What you should do:
Hand back every line from the beginning of the data below through the line containing "Jedwabiste, śmietankowe nadzienie", word for word and free of pictures.

(Data entries)
————

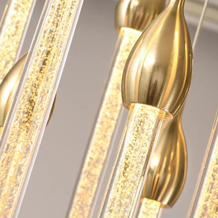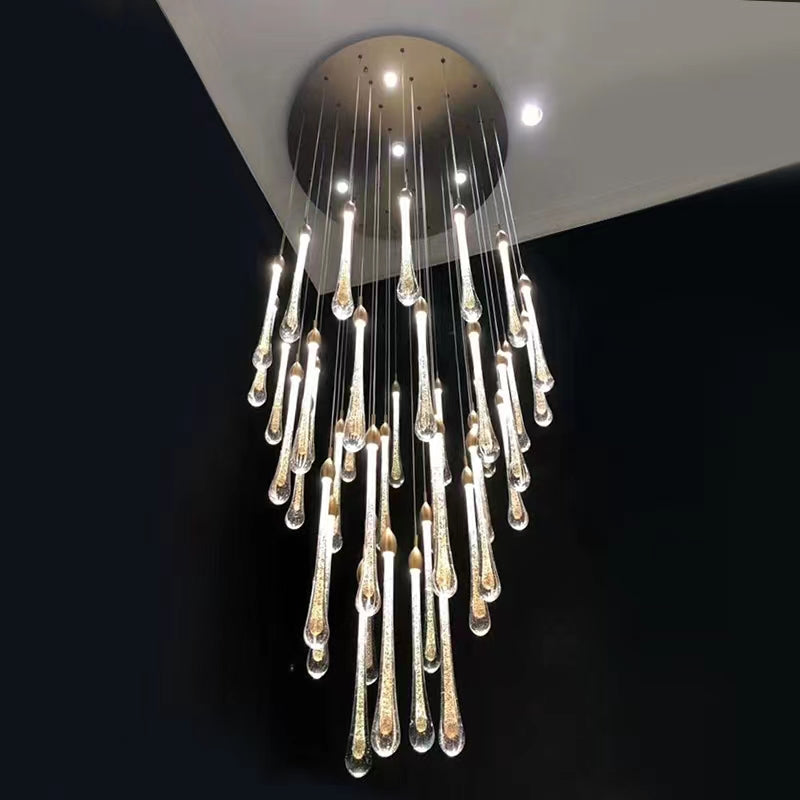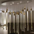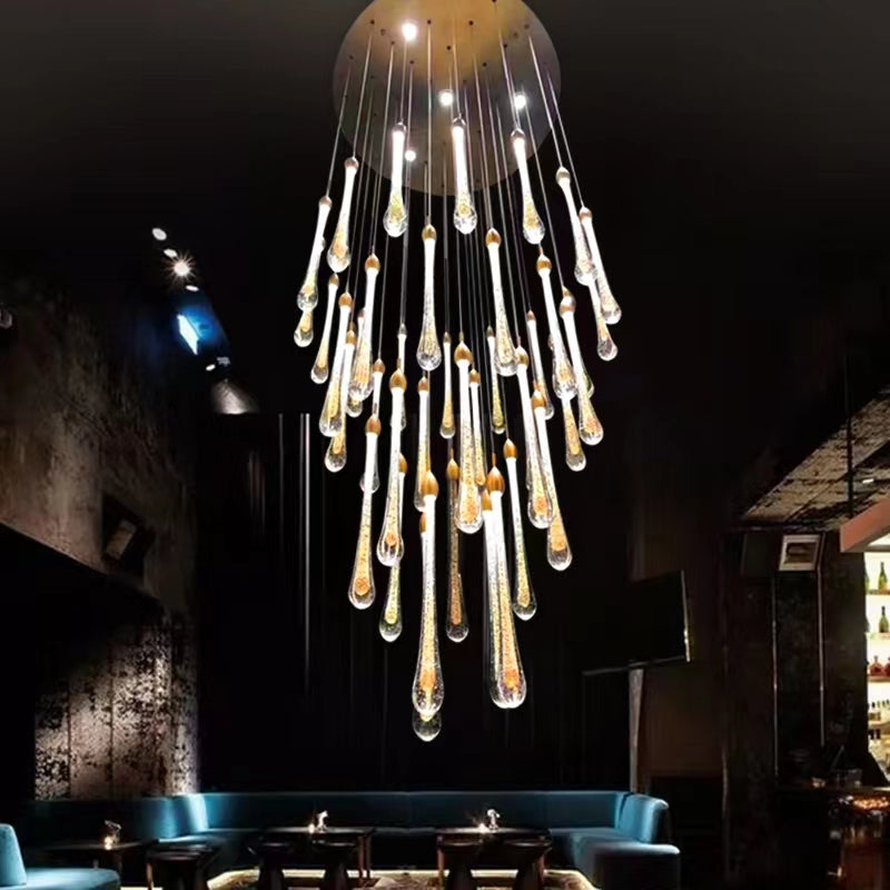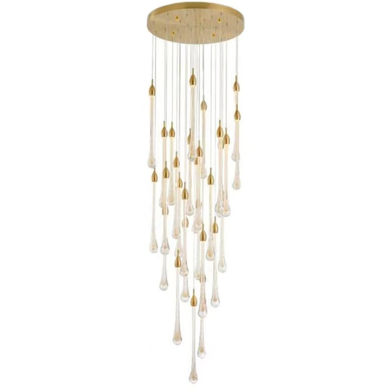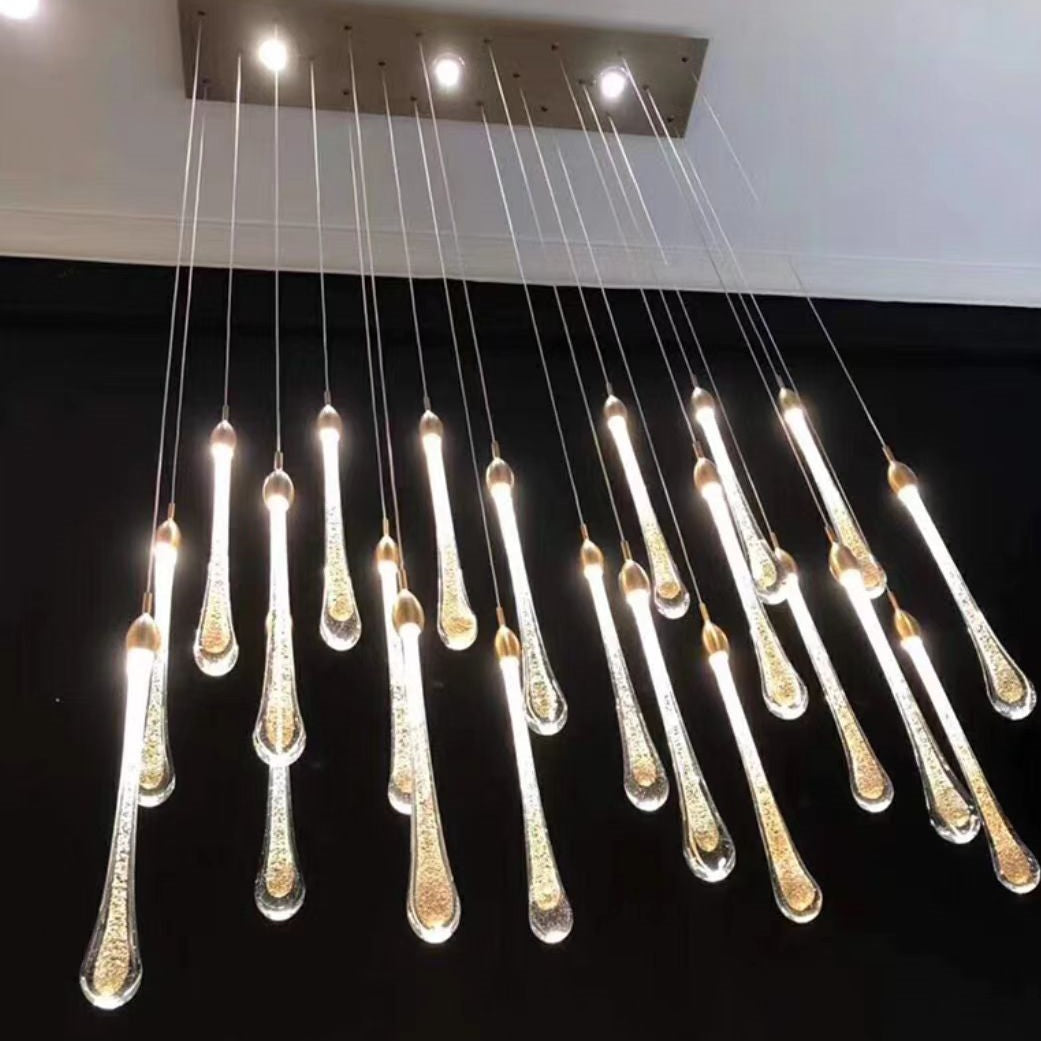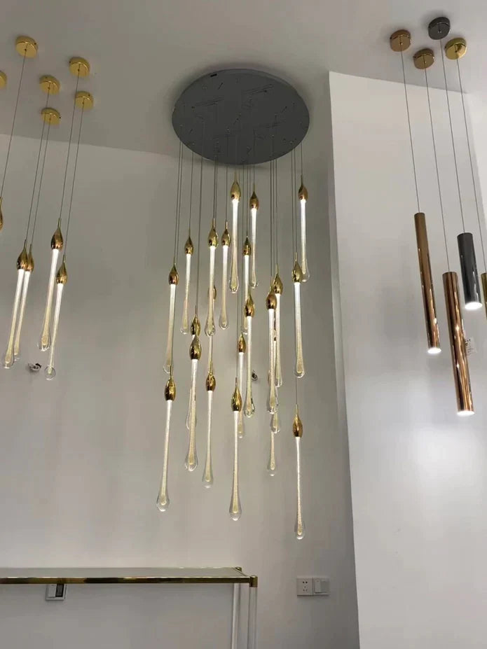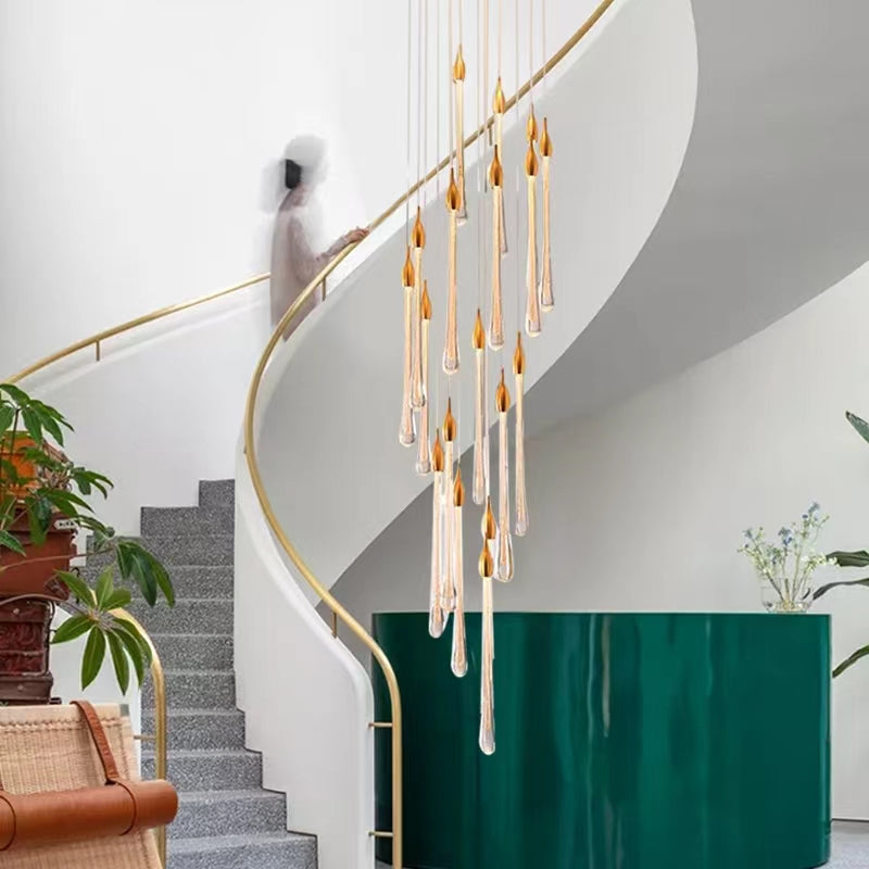 Modern Long Gold Glass Rain Rod Pendant Light for Staircase/High-ceiling room
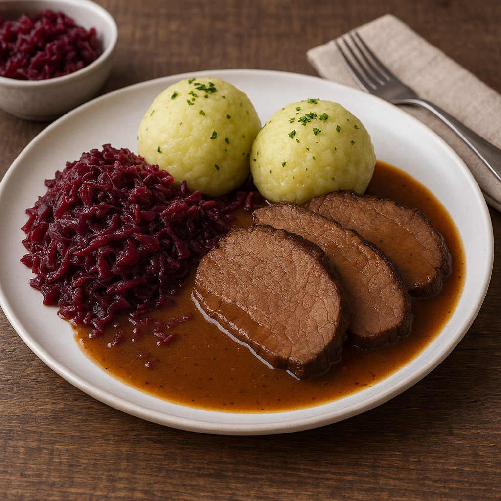 Ein typisch hessisches Festtagsgericht: zarter, mehrere Tage eingelegter Sauerbraten in aromatischer Soße, dazu grüne Klöße nach Art der Region und fruchtiger Apfelrotkohl. Traditionell, wärmend und perfekt für große Familienrunden.
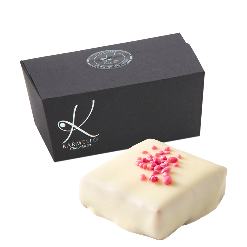 Jedwabiste, śmietankowe nadzienie połączone z subtelnym różanym aromatem w towarzystwie białej czekolady.
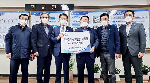 성산포수협(조합장 김계호)은 지난 14일 성산고등학교(교장 이창훈)를 방문해 수산업 및 어촌지역 우수인재 양성을 위한 해양수산 산학협동 지원금 500만원을 전달했다.
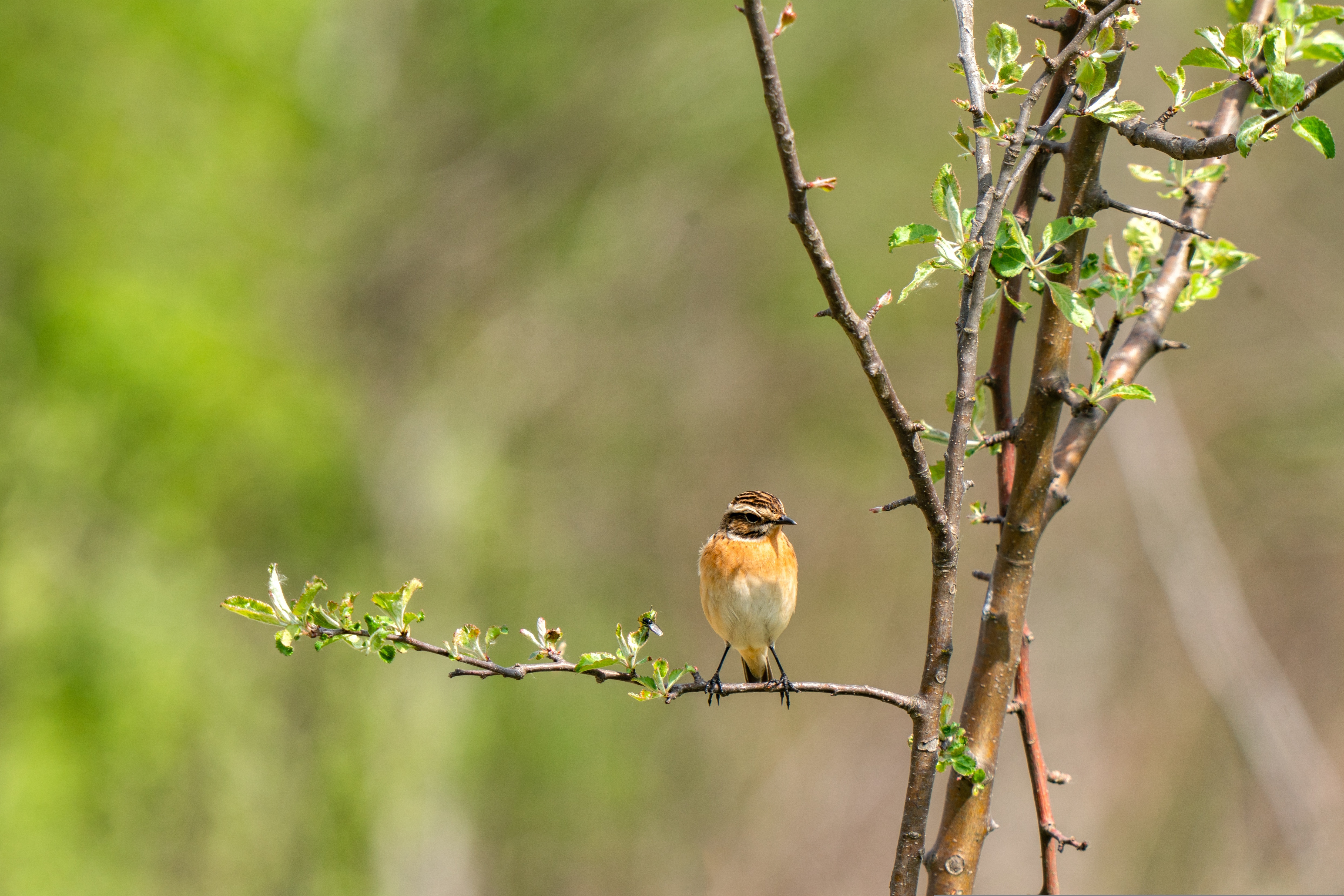 Das stark gefährdete Braunkehlchen (Rote Liste 2) kommt in den Oderwiesen noch vereinzelt vor. Als Langstreckenzieher überwindet es aus Afrika kommend 5.000 Kilometer, um hier zu brüten. Von Ende April bis Ende Juli befindet sich das Braunkehlchen im Brutgeschäft. Es nutzt einzelne Büsche, hohe Stauden oder Zaunpfähle als Sing- und Ansitzwarte.

————

Written reply:
 Modern Long Gold Glass Rain Rod Pendant Light for Staircase/High-ceiling room
 Ein typisch hessisches Festtagsgericht: zarter, mehrere Tage eingelegter Sauerbraten in aromatischer Soße, dazu grüne Klöße nach Art der Region und fruchtiger Apfelrotkohl. Traditionell, wärmend und perfekt für große Familienrunden.
 Jedwabiste, śmietankowe nadzienie połączone z subtelnym różanym aromatem w towarzystwie białej czekolady.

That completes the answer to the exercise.